Thursday, September 27, 2012

Senator Ira Harris

This massive square granite headstone in an old section of the South Ridge (not too far from the lovely grave of Daniel Campbell) marks the grave of Senator Ira Harris, a man whose family history is closely linked to the Lincoln assassination.

Harris was born in 1802 on a farm near Charleston, Montgomery County.  Educated at Union College, he was admitted to the bar in 1828 and practiced law in Albany.  His active political and civic career included tenures the New York State Assembly, the New York State Constitutional Convention (1846), New York State Senate, and New York State Supreme Court.  He also served as president of Union College and was a founder of Albany Law School.

In 1861, he was elected to the United States Senate to replace William H. Seward after the latter was appointed Secretary of State by President Abraham Lincoln.  Senator Harris would become a friend of the President and a regular visitor to the Lincoln White House (which led to a joke that Lincoln would check under his bed each night to make sure Senator Harris was not there with yet another patronage request).

On the night that Lincoln was assassinated at Ford's Theatre, his guests for the evening were Senator Harris' daughter, Clara, and her fiance, Colonel Henry Rathbone (who was also Senator Harris' stepson).  Rathbone was wounded by Booth's knife during the assassination and his failure to prevent the President's death would haunt Henry for the rest of his life.  In 1883, suffering from declining mental health, Henry stabbed Clara to death and attempted to take his own life (he survived, was declared insane, and died in an asylum in 1911).

Senator Ira Harris' summer home just off modern-day Route 9 in Loudonville still stands.  Located just minutes from the South Gate of the Albany Rural Cemetery, the old Loudon Cottage (which is privately owned) is said to be haunted by Lincoln.  Clara's evening gown, stained with Lincoln's blood, was reportedly sealed in a closet there and the slain President's ghost has been seen there by a number of people, beginning with Clara who is said to have seen the apparition on the first anniversary of the assassination.

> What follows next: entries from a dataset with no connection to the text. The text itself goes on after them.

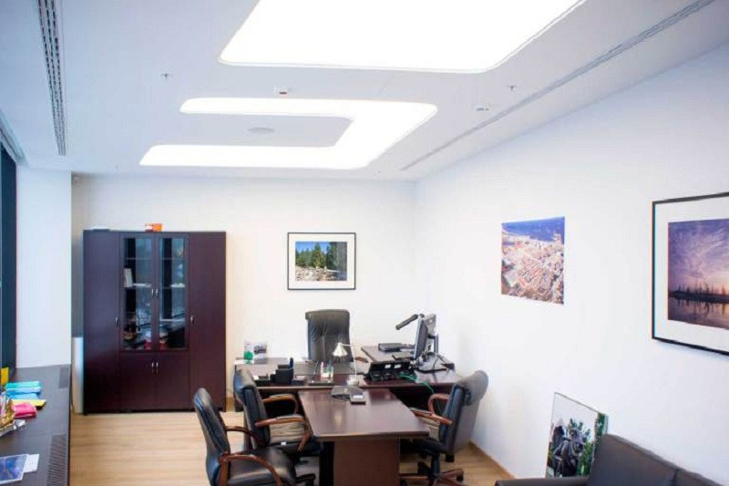 В этом случае световые линии особенно удобны, так как помогают скрыть стыки между двумя частями полотен.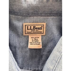 L.L. Bean Large Tall Blue Chambray 100% Cotton Long Sleeve Button Front Shirt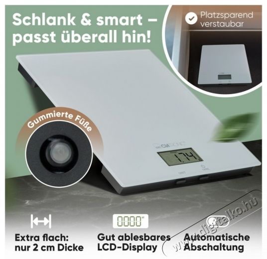 • Helytakarékos kialakítás – A mindössze 2 cm magas mérleg különösen lapos, és bármilyen konyhában könnyen tárolható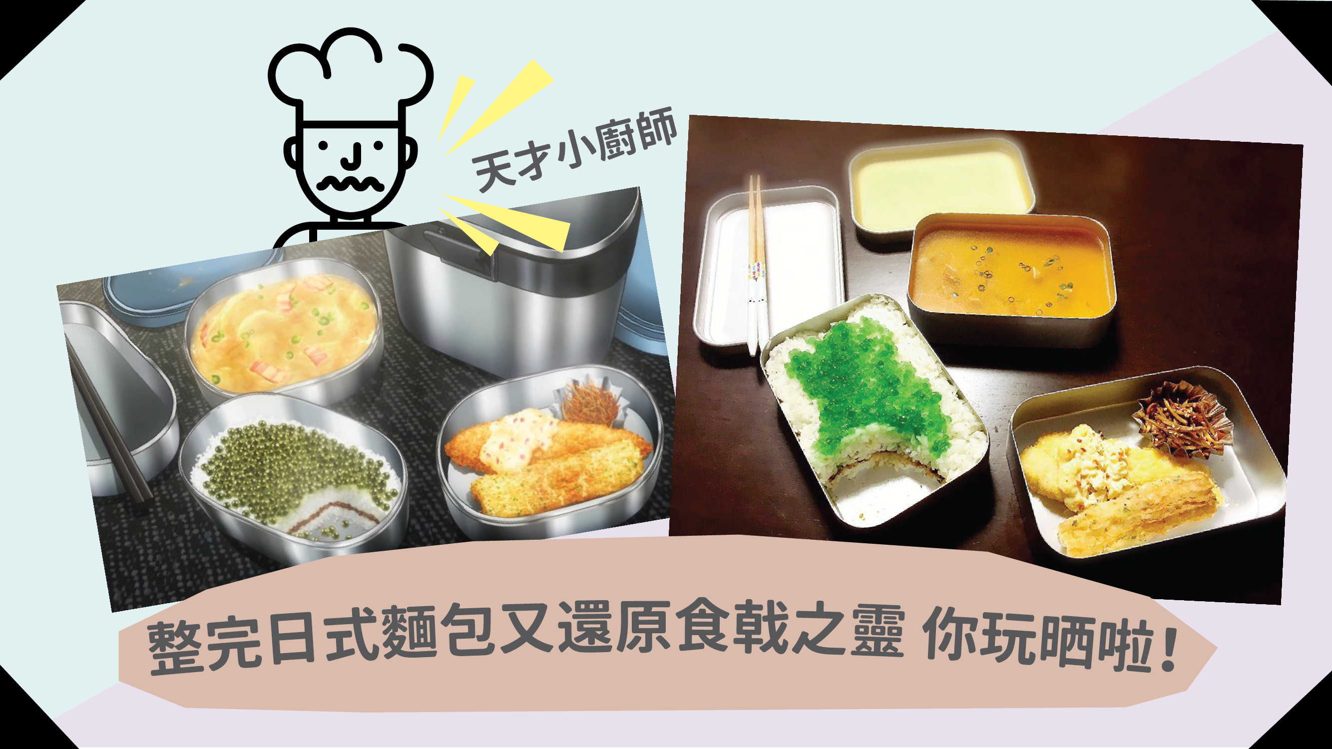 記唔記得上次個東和馬傳人呀?整綠龜包嗰個呢~唔知係咪食得麵包多想轉吓口味,所以改咗去整便當呀,作為一個動漫迷又點會整普通日式便當咁簡單呢?識整梗係整《食戟之靈》幸平嗰個海苔便當啦!

Senator Ira Harris died on December 2, 1873 after an illness described in contemporary accounts as "paralysis."  He was buried in his family's lot at the Rural Cemetery.  The back of the monument lists other member of the Harris family interred there.

Ira Harris was also a part of the Rural Cemetery's history; he was a founding member of the Albany Cemetery Association and served as a Trustee of the Cemetery from its incorporation until his death.  It was Harris who, after receiving a letter from the General's granddaughter, presented the resolution to have Phillip Schuyler's remains transferred from an obscure grave in the Van Rensselaer family lot to a new lot marked with a fine column more in keeping with Schuyler's legacy as a key figure in the region's Revolutionary-era history.

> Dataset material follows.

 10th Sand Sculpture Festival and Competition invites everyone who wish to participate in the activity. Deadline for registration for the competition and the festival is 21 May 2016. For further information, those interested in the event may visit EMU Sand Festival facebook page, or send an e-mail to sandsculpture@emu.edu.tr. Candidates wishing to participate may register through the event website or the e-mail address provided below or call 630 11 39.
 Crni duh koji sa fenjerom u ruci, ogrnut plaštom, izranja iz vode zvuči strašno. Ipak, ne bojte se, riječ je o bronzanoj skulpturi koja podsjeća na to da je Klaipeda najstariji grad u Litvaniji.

Sunday, September 16, 2012

Squire Whipple

This modest headstone of black granite on the South Ridge near the graves of Herman Melville's parents and the brownstone sarcophagus of Cortlandt Van Rensselaer marks the grave of Squire Whipple, a civil engineer known as "the father of iron bridge building"

Born in Massachusetts and educated at Union College in nearby Schenectady, Whipple is best remembered locally for the bowstring truss bridge preserved in the Normanskill Hollow between Albany and Delmar. 

Squire Whipple on Wikipedia

Monday, September 10, 2012

Captain Townsend's Anchor


The Townsend family plot is a large fenced lot alongside the Moordanaers Kill on a low path between the Cemetery's Middle and South Ridges.  Located just across from the De Peyster Douw hillside crypt, it contains a number of noteworthy graves, but the most distinctive monument here is undoubtedly the massive granite anchor marking the resting place of Captain Robert Townsend.

A member of a prominent Albany family which included mayors, generals, and businessmen, Captain Townsend served in the U.S. Navy during the Mexican War (commanding the Porpoise) and the Civil War (commanding the Miami and Essex).  At the age of forty-six, he died of heatstroke in China while in command of the Wachusett

 A set of historic artifacts which once belonged to Captain Robert Townsend was recently the subject of a Times Union article

The photo below shows Townsend lot as it appeared in the late 1800s.  An early history of the Cemetery describes the anchor tomb as "at once elegant, modest, and substantial." 


Anchors appears on a number of other monuments in the Cemetery (such as the John Bogart marble), either as a symbol of steadfast faith or an emblem of a maritime career.